Personal information
- Full name: Stuart Charles Harrison
- Born: 21 September 1951 (age 74) Cwmbran, Monmouthshire
- Batting: Right-handed
- Bowling: Right-arm fast-medium
- Relations: David Harrison (son); Adam Harrison (son);

Domestic team information
- 1971–1977: Glamorgan

Career statistics
| Competition | First-class | List A |
| Matches | 5 | 10 |
| Runs scored | 32 | 57 |
| Batting average | 5.33 | 19.00 |
| 100s/50s | 0/0 | 0/0 |
| Top score | 15 | 20* |
| Balls bowled | 558 | 448 |
| Wickets | 7 | 10 |
| Bowling average | 44.85 | 34.70 |
| 5 wickets in innings | 0 | 0 |
| 10 wickets in match | 0 | 0 |
| Best bowling | 3/55 | 3/47 |
| Catches/stumpings | 1/– | 1/– |
- Source: Cricinfo, 18 September 2011

= Stuart Harrison =

Welsh cricketer

Stuart Charles Harrison (born 21 September 1951) is a former Welsh cricketer. Harrison was a right-handed batsman who bowled right-arm fast-medium. He was born in Cwmbran, Monmouthshire.

Harrison made his first-class debut for Glamorgan against Somerset in the 1971 County Championship. He made four further first-class appearances for Glamorgan, the last of which came against Yorkshire in the 1977 County Championship. In his role as a bowler, Harrison took 7 wickets in his five first-class matches, which came at an average of 44.85, with best figures of 3/55. His List A debut came in the 1972 John Player League against Middlesex. He made nine further List A appearances, the last of which came against Middlesex in the 1974 John Player League. In his ten List A matches, he took 10 wickets at an average of 34.70, with best figures of 3/47. With the bat, he scored 57 runs at a batting average of 19.00, with a high score of 20 not out.

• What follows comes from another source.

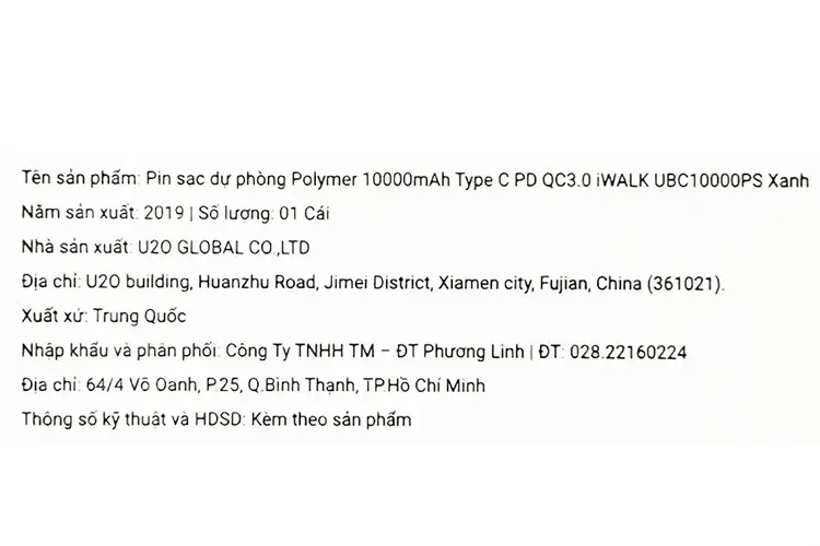 Thông số kỹ thuật Pin sạc dự phòng Polymer 10.000 mAh Type C PD QC3.0 iWALK UBC10000PS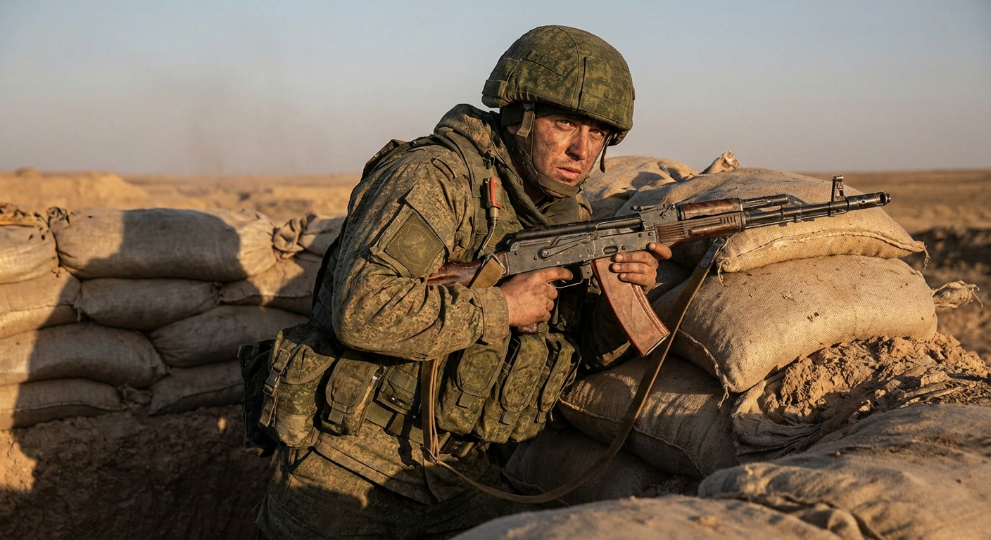 Russian military serviceman in field uniform taking cover behind sandbags, holding rifle, dusty environment, late afternoon sunlight, serious facial expression, detailed tactical equipment, authentic military scene, photorealistic textures, war correspondent photography style, high detail

While playing for Glamorgan between 1971 and 1974, Harrison was studying at Caerleon College of Education to become a teacher. He subsequently had a successful career as a teacher in Monmouthshire. He has served on the Glamorgan committee. He is the father of David and Adam Harrison, both of whom have played for Glamorgan.